Вскоре по приезде в Ечень-Даг Спиридов написал генералу Фези длинное и весьма обстоятельное письмо, в котором, между прочим, рассказал о хорошем обращении с ним Наджав-бека и о его тяготении к русским, настоятельно просил похлопотать вернуть ему сына, если только к этому не будет особенных препятствий со стороны высшего начальства.
Когда письмо было написано, Спиридов медленно и вразумительно прочел его Наджаву. Понял ли тот что-либо или нет, решить было довольно трудно, но тем не менее Наджав остался им очень доволен и с этого дня стал еще лучше обращаться со своим пленником. Благодаря тому, что аул Ечень-Даг находился как бы в стороне, новости до него доходили довольно редко. Долгое время Спиридов ничего не знал об участи, постигшей Николай-бека. Одно время он считал его даже убитым при штурме Ашильты, и лишь спустя два месяца случайно узнал, что Николай-бек жив, но весь изранен.
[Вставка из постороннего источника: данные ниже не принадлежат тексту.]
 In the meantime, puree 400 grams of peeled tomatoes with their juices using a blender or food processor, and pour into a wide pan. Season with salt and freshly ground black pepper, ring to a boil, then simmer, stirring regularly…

Известие это привез Иван, которого Николай-бек послал, в свою очередь, узнать о том, как поживает Спиридов. Это внимание чрезвычайно тронуло Петра Андреевича, и он стал просить Наджав-бека отпустить его навестить Николай-бека.
На этот раз старик выказал упрямство и ни за что не хотел согласиться на отъезд Спиридова.
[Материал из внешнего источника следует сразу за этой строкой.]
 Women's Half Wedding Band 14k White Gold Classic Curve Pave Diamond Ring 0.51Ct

– Моя твоя верит, – говорил Наджав-бек в ответ на предположение Спиридова, думавшего, что старик не отпускает его из боязни, чтобы он не попытался бежать, – но дорога большой, горцам много. Могут убить, а тебя убивай, моя без сына будет.
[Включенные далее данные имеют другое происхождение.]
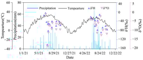 Relationships between the δ2H and δ18O values of precipitation from 2021 to 2022 in the study area.

Прожив три дня в Ечень-Даге, Иван уехал обратно. Из его слов Спиридов понял, что он опять собирается на русскую сторону, но зачем именно, Иван не говорил.
Одиночество и полная бездеятельность развили в Спиридове большую наклонность к размышлениям. Сидя по целым часам где-нибудь в укромном уголку, Петр Андреевич мысленно поверял все те ощущения и впечатления, которые он пережил за последнее время. После получения им письма от Зины он все чаще и чаще задумывался о ней, и бывали дни, когда ему почему-то особенно хотелось видеть именно ее, никого другого, как ее – Зину Балкашину. Вызывая в памяти свои разговоры с ней, Спиридов удивился, как в свое время он мало придавал им значения. Он словно не замечал горячей любви, питаемой к нему молодой девушкой, и свою к ней чересчур излишнюю холодность. Теперь ему становилось нередко стыдно при воспоминании о той обидной осторожности, с какою он обращался с нею, точно боясь, чтобы она не стала ловить его в женихи.
«Зина очень умна и не могла не замечать этого, – размышлял Спиридов. – Воображаю, как в душе ей было иногда больно и оскорбительно такое мое к ней отношение».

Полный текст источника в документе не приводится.